3.4.3 Tier 3 Evaluation - Risk-Informed Configuration Risk Management Section C.2.3 of RG 1.177 discusses Tier 3 of the three-tiered approach for evaluating risk associated with proposed changes to TS CT. Tier 3 is the establishment of an overall CRMP to ensure other potentially lower probability, but nonetheless risk-significant, configurations resulting from maintenance and other operational activities are identified and managed.

Because the Maintenance Rule, as codified in 10 CFR 50.65(a)(4), requires licensees to assess and manage the potential increase in risk that may result from activities such as surveillance testing, and corrective and preventive maintenance, a licensee may use its existing Maintenance Rule program to satisfy Tier 3.
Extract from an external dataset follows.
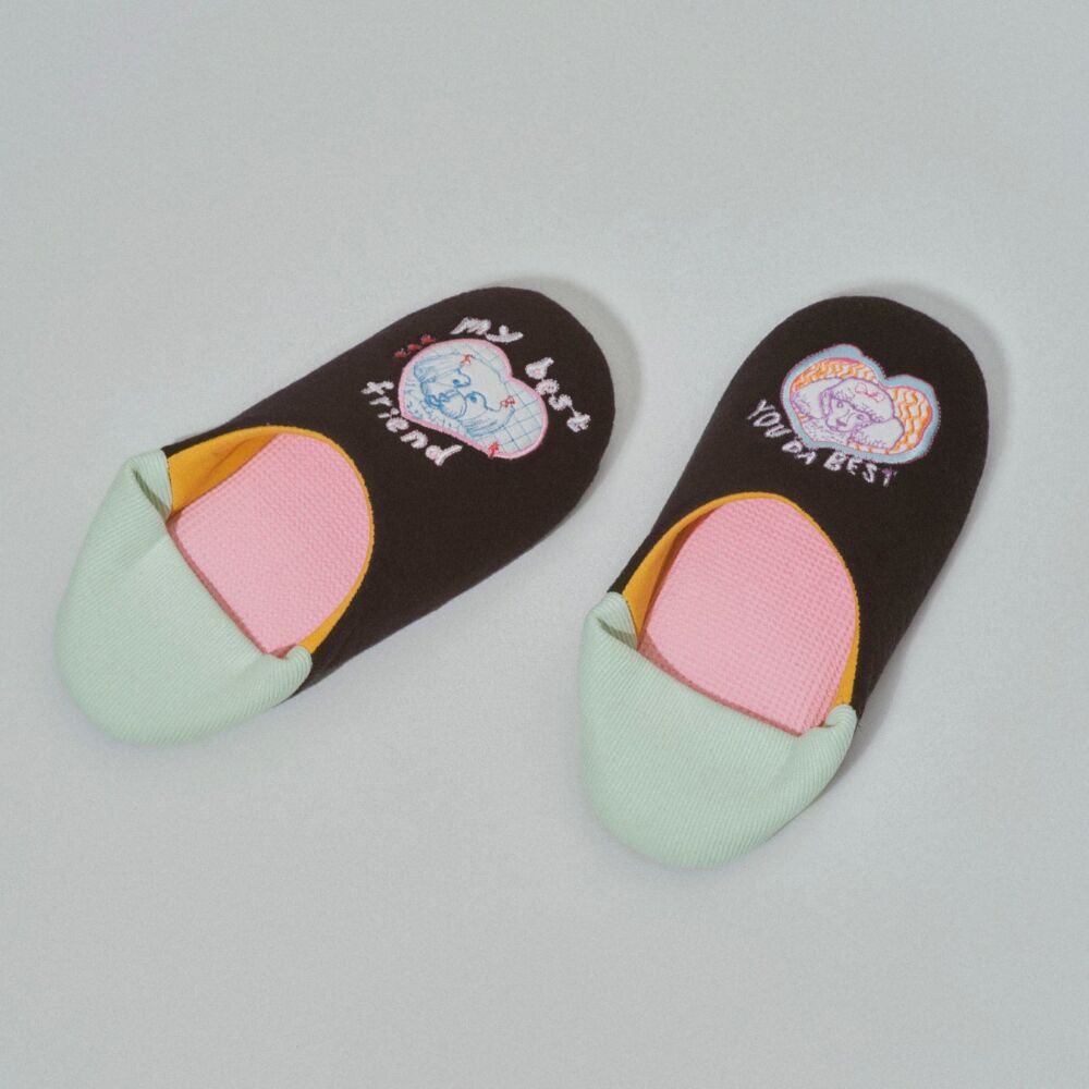 ストリート感のあるポップなイラストを、ワッペンのように刺繍に落とし込んだバブーシュ。カラフルな色とキュートな犬たちが、暮らしを足元から明るくしてくれます。全2色展開。

In Section A.8 of Attachment 5 to the LAR, the licensee stated that Harris has an established configuration risk management program that implements 10 CFR 50.65(a)(4) requirements.

Harris uses the Equipment Out of Service software tool to analyze plant risk in both real time and a look-ahead of plant configurations over specified period of time. During the CT, risk will be monitored in real time and any emergent risk configurations will be addressed appropriately.

The licensees configuration risk management program requires the implementation of risk management actions to help alleviate risk when unforeseen events put the plant in a risk significant configuration. Thus, plant risk will be effectively managed prior to and during the extended CT. The NRC staff has reviewed the licensees assessment and finds that the licensees Tier 3 program is consistent with the guidance in RG 1.177 and finds the proposed change acceptable.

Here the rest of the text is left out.